> DIRECTIONS
Reproduce exactly the line with "Пакет подарочный 282004" and every line that follows it below, up to and including the last one. Do not include pictures or anything else.

> PROVIDED RECORDS
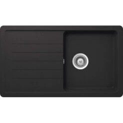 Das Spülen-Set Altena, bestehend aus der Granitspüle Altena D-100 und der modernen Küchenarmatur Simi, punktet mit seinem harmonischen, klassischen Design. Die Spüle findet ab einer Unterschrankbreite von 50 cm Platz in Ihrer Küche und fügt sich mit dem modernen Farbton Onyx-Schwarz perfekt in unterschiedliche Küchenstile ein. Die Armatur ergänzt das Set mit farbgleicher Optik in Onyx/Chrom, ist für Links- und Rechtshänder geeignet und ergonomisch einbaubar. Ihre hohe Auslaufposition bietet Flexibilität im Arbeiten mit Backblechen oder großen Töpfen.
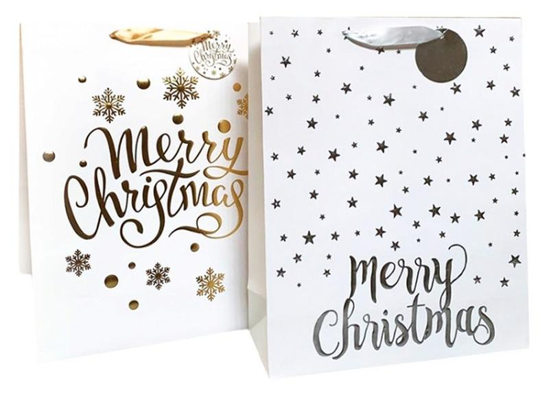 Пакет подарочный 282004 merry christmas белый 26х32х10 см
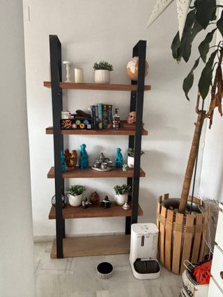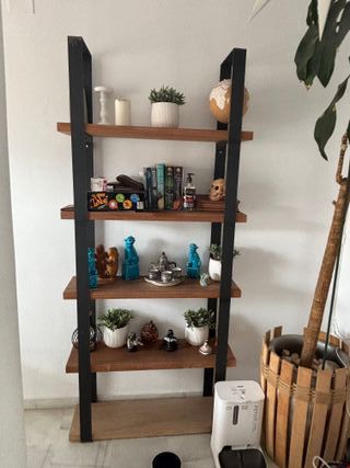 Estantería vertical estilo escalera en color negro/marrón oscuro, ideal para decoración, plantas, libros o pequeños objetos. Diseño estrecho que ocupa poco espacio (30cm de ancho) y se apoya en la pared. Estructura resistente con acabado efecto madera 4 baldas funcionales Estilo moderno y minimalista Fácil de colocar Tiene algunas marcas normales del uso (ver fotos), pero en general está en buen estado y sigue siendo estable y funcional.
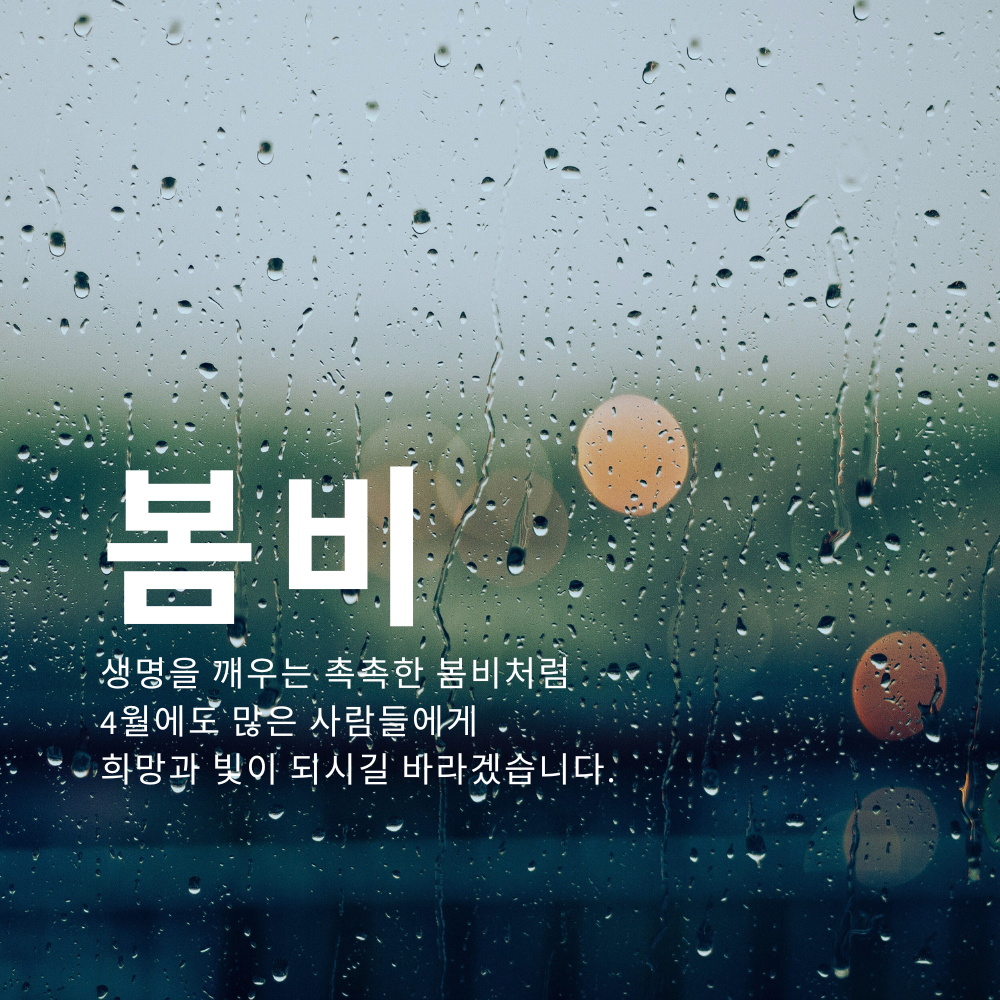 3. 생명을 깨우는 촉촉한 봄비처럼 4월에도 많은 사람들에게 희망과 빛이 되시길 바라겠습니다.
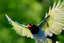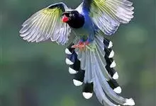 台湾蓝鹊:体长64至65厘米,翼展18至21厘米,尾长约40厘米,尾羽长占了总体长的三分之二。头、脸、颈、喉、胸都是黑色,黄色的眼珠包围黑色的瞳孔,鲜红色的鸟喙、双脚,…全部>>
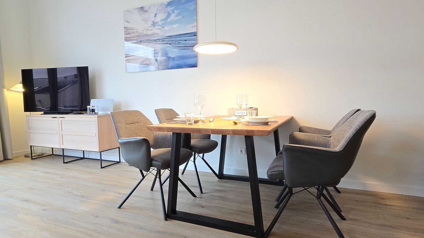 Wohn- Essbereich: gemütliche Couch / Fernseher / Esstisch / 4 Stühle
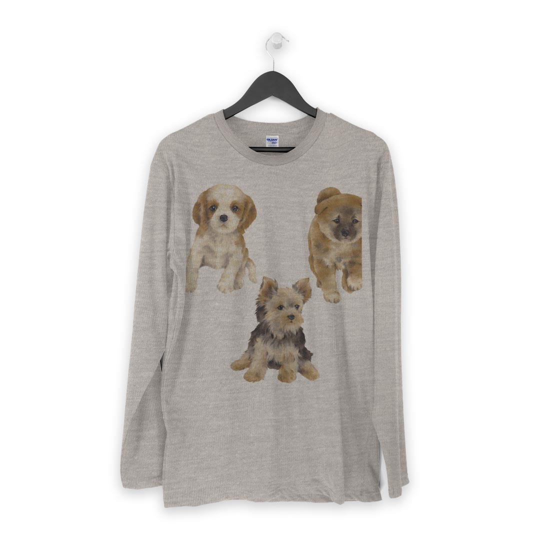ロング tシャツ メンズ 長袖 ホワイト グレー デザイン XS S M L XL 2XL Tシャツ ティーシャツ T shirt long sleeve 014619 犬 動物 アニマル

> WRITTEN RESPONSE
 Пакет подарочный 282004 merry christmas белый 26х32х10 см
 Estantería vertical estilo escalera en color negro/marrón oscuro, ideal para decoración, plantas, libros o pequeños objetos. Diseño estrecho que ocupa poco espacio (30cm de ancho) y se apoya en la pared. Estructura resistente con acabado efecto madera 4 baldas funcionales Estilo moderno y minimalista Fácil de colocar Tiene algunas marcas normales del uso (ver fotos), pero en general está en buen estado y sigue siendo estable y funcional.
 3. 생명을 깨우는 촉촉한 봄비처럼 4월에도 많은 사람들에게 희망과 빛이 되시길 바라겠습니다.
 台湾蓝鹊:体长64至65厘米,翼展18至21厘米,尾长约40厘米,尾羽长占了总体长的三分之二。头、脸、颈、喉、胸都是黑色,黄色的眼珠包围黑色的瞳孔,鲜红色的鸟喙、双脚,…全部>>
 Wohn- Essbereich: gemütliche Couch / Fernseher / Esstisch / 4 Stühle
ロング tシャツ メンズ 長袖 ホワイト グレー デザイン XS S M L XL 2XL Tシャツ ティーシャツ T shirt long sleeve 014619 犬 動物 アニマル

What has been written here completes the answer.